Heated discussions on societal issues by experts on special occasions at seminars and forums are routine. They create public perceptions that may not represent the total picture, or reality.

On this International Women’s Day, Dawn talked to some ‘ordinary’ women about their experiences in the real world. Whatever grand plans the policymakers have introduced for their empowerment and betterment, life remains a struggle for the vast majority of the women of Pakistan.—Kalbe Ali

Bibi Jan has earned the reputation of a challenger, and a rebel against the cultural norms, by becoming the first custodian of a shrine (gaddi nasheen) in the Potohar region, if not the country.

Now she is a candidate for a reserved seat for women in the legislatures from the PPP.

She got the gaddi of Agha Pir Zaman Badshah, Badana, tehsil Gujar Khan after the male members showed no interest or did not measure up to the position.

“Back biting and false accusations are the first attacks on women in our society,” said Bibi Jan who triumphed in the face of threats and fierce opposition from her extended family that a woman cannot be the custodian of any shrine.

She said the male members of the family were disinterested in the position because the shrine had more to do with social work and none with raking in money from disciples.

She could establish her right to the gaddi because she is among the few custodians of shrines in the country who have studied spiritual sciences at Al Azhar, and at Qum, Iran.

She is now all set to battle in the political.

“They do not want a woman to be out and open among the political workers. But the community wants improvement and I have example of Benazir Bhutto to try to bring that about,” she said.

Surraya Kausar is least bothered about any international day, politics or even the climatic conditions. She has to be at her job especially on tough days because as a housemaid things cannot be taken for granted.

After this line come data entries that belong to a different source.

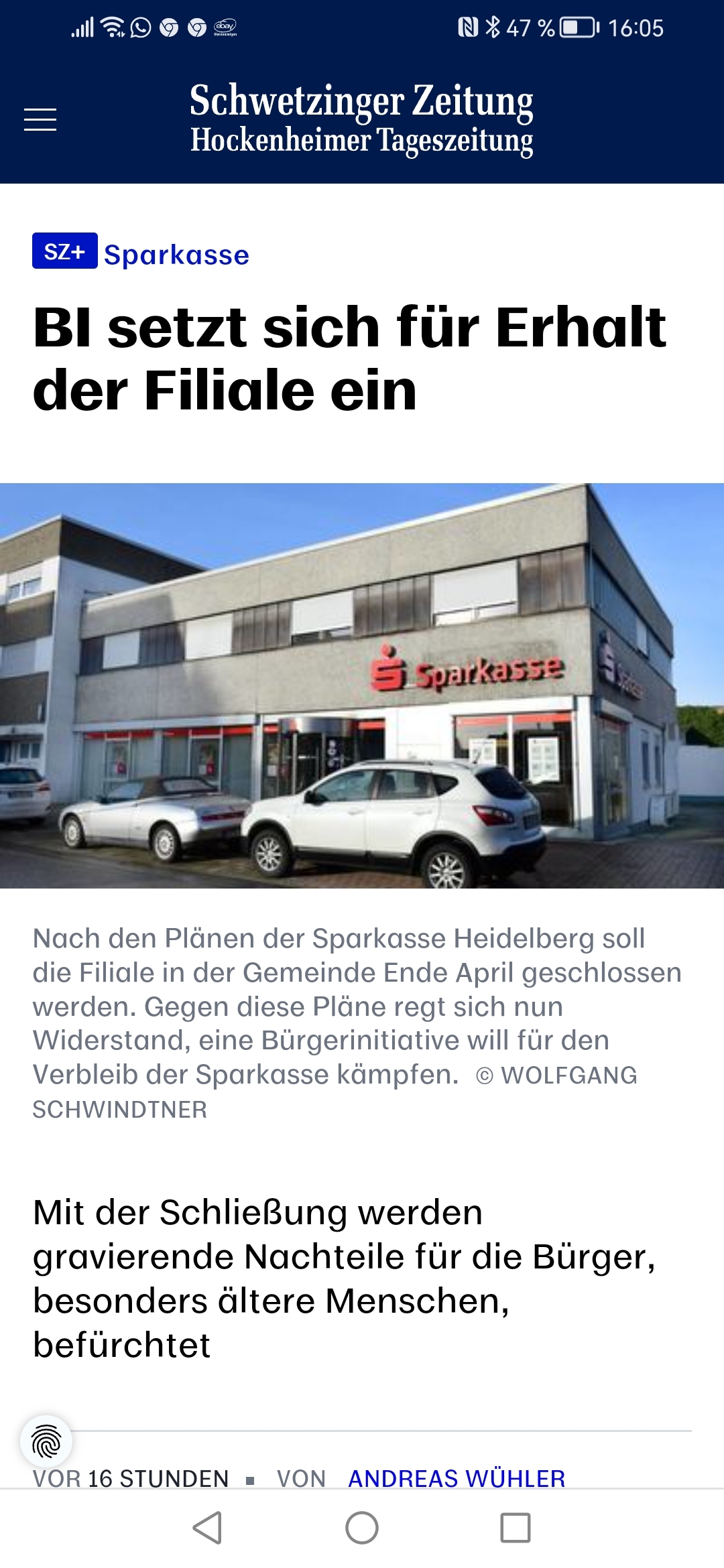 Am 31.12.2022 erschien ein Artikel in der Schwetzinger Zeitung mit dem Titel "BI setzt sich für den Erhalt der filiale ein" von Andreas Wühler, der unsere Sache sehr gut darlegt.
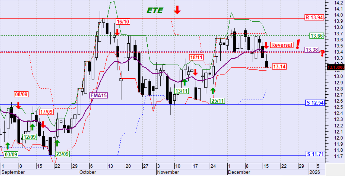Βραχυπρόθεσμη τάση: αντιστράφηκε σε καθοδική με την καθοδική διάσπαση των 13.14€ στο κλείσιμο
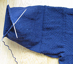 The other thing to bear in mind at this stage is constantly to change the join points between the double-pointed needles. If you always have the join points between needles at the same places you end up with 3 columns of uneven stitches (or at least I do, since I tend to knit the join stitches at a slightly different tension to the rest of my stitches, try as I might). But if I do as the books say, and move it along by one stitch per row, I replace the columns with 3 diagonal scars running round the sleeve. So my solution is to knit 3-7 rows with the joins in the same place, then move them on by 5-10 stitches, varying the amounts randomly in an attempt to fool the eye. It’s my knitting equivalent of soldiers breaking step to march over a bridge.

Abused, accused of various charges, overworked and underpaid, she faced the hardships of a brick-kiln worker in Sahiwal in the early stages of her life.

After her son was born, she persuaded her husband to move out of the mud-hole and go to Karachi in 1999 in the quest to have a better future.

While her husband managed to get meager earnings as a daily wage construction worker when they lived in Orangi Town Karachi, she could not find any work there.

“I cannot speak Urdu and the people there did not understand Punjabi, besides there area a lot of Bengali and Seraiki maids in Karachi,” she said. “But the worst part is that I am Christian.”

After convincing her husband, they moved to the federal capital where the couple established a hutment in G-7 slum area and she has been a housemaid working in Rawalpindi for more than a decade now.

Her children are studying in a private school in the locality where she works.

She explains proudly that her top priority is food for family and education for the children. At least they would not be brick-kiln workers.

Ghazala Noreen belongs to the middle class and the ranks of millions of working girls of the country - and faces the same problems they do.

Like them, she feels she is considered by her male colleagues less intelligent, slower and owing her job to “connections”, not merit.

“That is one big problem,” she says. “The men in our society have yet to appreciate that women are humans too.”

Ghazala comes from a well-off middle class family. Her father was a government officer in Multan. She took the bold decision - and convinced her family to allow her - to go to Islamabad for an internship programme.

“While I was embarking for Islamabad after graduating from Bahauddin Zakaria University, every wellwishers advised me to always carry a knife for security,” Ms Ghazala said.

“After spending some time in Islamabad I learnt that if I am upright and straight there is no serious threat from anybody,” she recalled.

Ghazala got a job in Wasa after her internship but later quit it and entered the fast lane of electronic media where, in the face of all odds and challenges she has managed to command respect of her male colleagues and get prime beats assigned by her channel.

She is since married to a colleague, a fellow Saraiki clan member, and has a son. Her mother takes care of the child while she works the maddening work of a television reporter.

Mrs Azra Azar is an M.Phil in special education, with major in deaf and dumb children. Born and educated in Rawalpindi, she moved to Jhelum after marriage where she took up a teaching job.

She was beginning to settle down in the job when she had to move back to Rawalpindi because her husband got a better job in a pharma company.

“Everyone would tell me that my first duty is towards my husband and my children,” she said.

“It is painful and frustrating to see all my hard work in attaining knowledge rotting. It wouldn’t have been harder, or impossible, to raise children and also hold a job for me, but that needed support from the in-laws.”

So she went for the second best option - use her speaking skills.

She became a Zakira narrating religious history and texts at majalis.

Mrs Azra is able to carry on this “social duty without neglecting my responsibilities as a wife, mother of three and a daughter-in-law”.

“It is normal that whenever there are guests in the house, or the maid is ill, all the responsibility falls on the housewife,” she said.

Her mother-in-law is not the traditional hard task master. In fact she complains, with a hint of pride, that her daughter-in-law is always busy and not taking care of herself.